Las dos caras del Zócalo

Por Bvlxp:

El reciente escándalo por el uso del Zócalo de la Ciudad de México como estacionamiento para los privilegiados asistentes al mensaje con motivo del Segundo Informe de Gobierno del Presidente Enrique Peña Nieto es a la vez sorpresivo y completamente rutinario y predecible. Quizá lo que verdaderamente importe del gesto es pensar en lo que revela acerca del ejercicio del poder y lo que deja ver acerca del resentimiento de gran parte de la sociedad y de sus opinadores hacia la clase empresarial y política.

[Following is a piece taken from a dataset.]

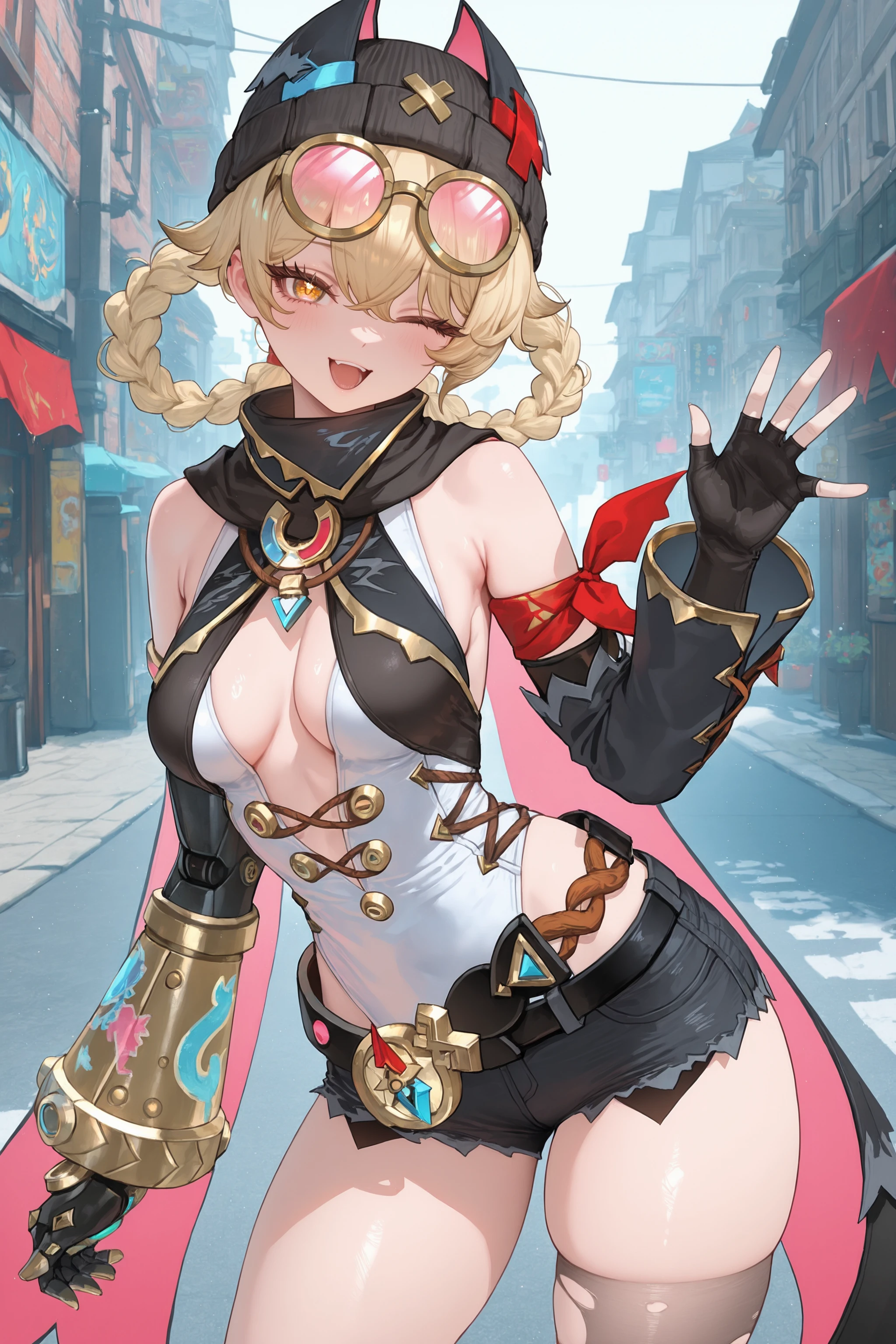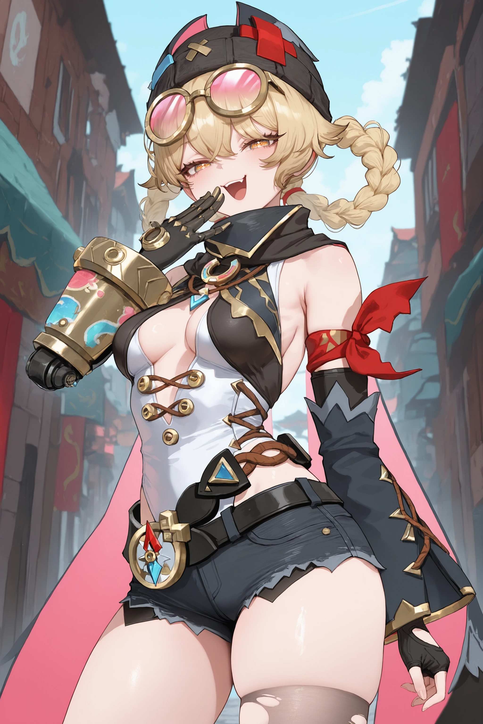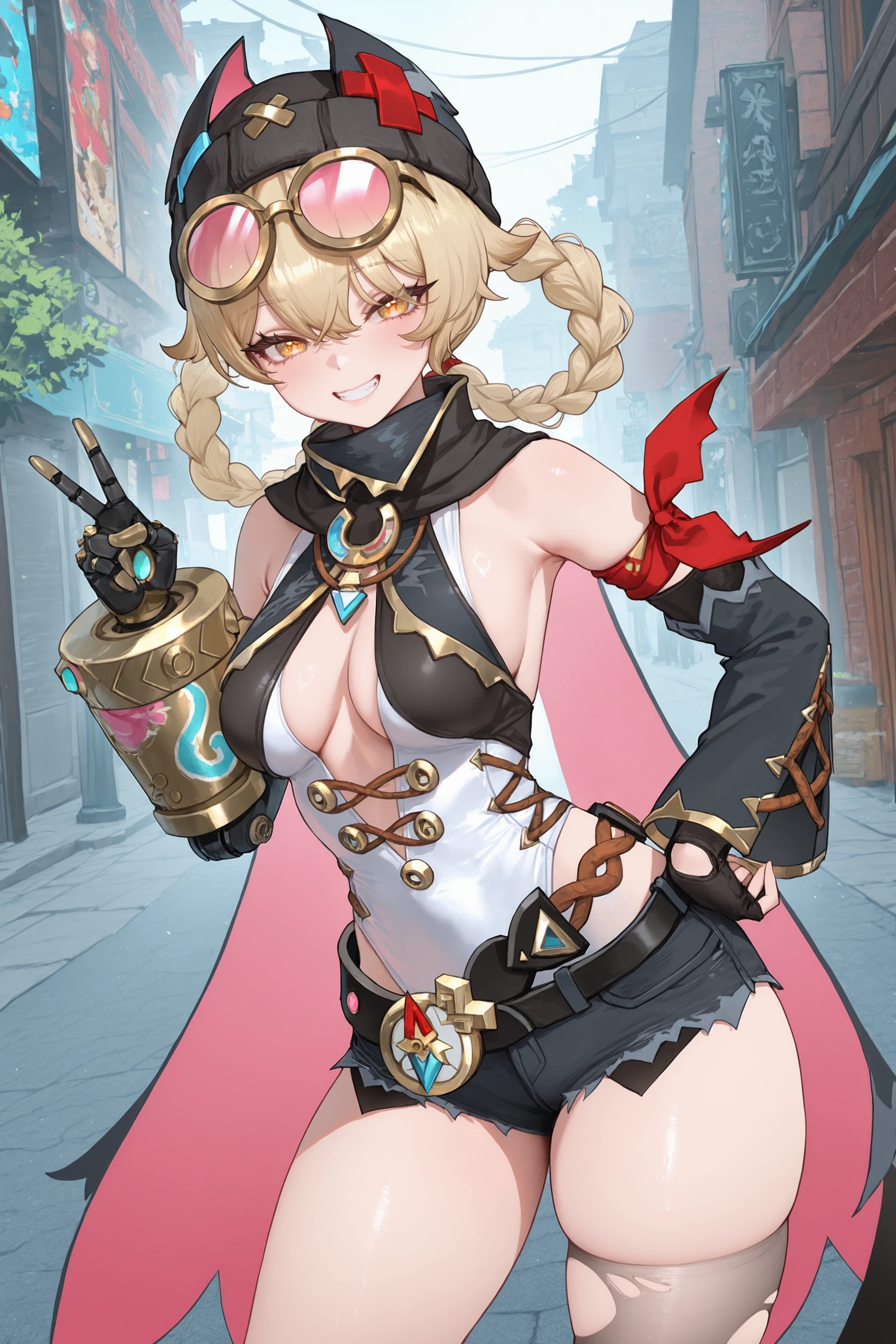 Additional prompts for her default costume, add/remove as you needed: braided hair rings, black beanie, goggles on head, collared cape, detached sleeves, single fingerless glove, single mechanical arm, arm ribbon, white leotard, utility belt, black micro shorts, torn single thighhigh, red single sock, single leg warmer, black platform boots

En el lado sorpresivo del escándalo está la falta de pericia política de los encargados de la logística en la Oficina de la Presidencia de la República y del Estado Mayor Presidencial. La administración del Presidente Peña Nieto es una que no nos tiene acostumbrados a las torpezas políticas o a los traspiés comunicativos. Enrique Peña Nieto ha construido una narrativa política perfecta y sistemática desde que era Gobernador del Estado de México hasta su ejercicio del poder presidencial. Todo está meticulosamente planeado, estudiado, calculado. Todo desde los enfoques de las cámaras, la iluminación de las fotos, los acuerdos políticos (véanse las llamadas “reformas estructurales”) o los amarres previos a dar un paso significativo (véase el proyecto del nuevo aeropuerto de la Ciudad de México).

En esta trayectoria en el ejercicio del poder de Enrique Peña Nieto, hemos visto muy pocos traspiés: la conferencia en la Universidad Iberoamericana y su participación en la Feria del Libro de Guadalajara. Pocos ejemplos más podríamos encontrar si nos ponemos a pensar. Entonces, ¿qué pasó con lo del Zócalo? Si no es una torpeza porque esta administración no las acostumbra de este tamaño, ¿qué revela sobre la concepción del ejercicio del poder? Quizá lo más grave del asunto sea que en Los Pinos ni siquiera hayan entendido la dimensión del gesto, que les haya parecido de lo más normal aprovechar el espacio público al servicio del Señorpresidente y para conveniencia de los más poderosos de este país. El uso del Zócalo como estacionamiento es una imagen perfecta de arrogancia política y de consideración por lo público; también es una estampa perfecta de un despliegue de fuerza que pocas veces antes hemos tenido oportunidad de ver tan gráficamente: sin duda indigna el despliegue de poder y derroche del cual se hace acompañar la gente del poder; despierta la rabia e indignación la adicción al lujo, a toda la parafernalia de la prepotencia, de una clase política cada vez más sorda y más lejana a la población que representa.

Por otro lado, el aspecto del escándalo que no causa sorpresa es la ventisca de indignación que causó ver el Zócalo convertido en estacionamiento. Por supuesto que una estampa así es oro molido para asestar un golpe político al gobierno de cara a la temporada electoral. Pero lo realmente interesante es el sonrojo social. Por algún motivo, ver el Zócalo usado para acomodar autos nos causa un coraje que no nos causa, por ejemplo, verlo convertido en lugar para conciertos, o en feria del libro, o utilizado para promover las actividades del Ejército Mexicano, o en lugar de arengas políticas o en dormitorio, letrina y cantina de movimientos sociales y políticos para ganancia exclusiva de personajes como los integrantes de la Coordinadora Nacional de Trabajadores de la Educación (CNTE) o como Andrés Manuel López Obrador. Entre estos ejemplos podríamos encontrar algunos en los que el uso del Zócalo se encuentra más justificado que en otros; así como en algunos de estos ejemplos el daño material al Zócalo es mayor a lo que podríamos denominar su integridad espiritual. Por ejemplo, el uso del Zócalo como estacionamiento es una imagen política poderosa y lamentable, una afrenta a su integridad espiritual, pero hablando del daño ocasionado en sí al lugar es mucho más limitado y transitorio que cualquiera de los ejemplos anteriores.

El escándalo invita a repensar nuestros espacios públicos y su conservación; a entender que un espacio de todos es también un espacio de nadie, un espacio que tiene una mística que lo hace inapropiable tanto para los que expresan o enarbolan mi preferencia política como para aquellos que no me representan. Habría que pensar en la naturaleza de lo público como un límite impenetrable incluso para los más poderosos, quienes deberían ser sus primeros guardianes y sus últimos ultrajadores; habría que entender que el espacio público juega un papel indispensable para la convivencia pacífica: lo que es mío es mío y lo que es de todos es para nadie, como inapropiables son los lugares que encarnan el espíritu de una nación.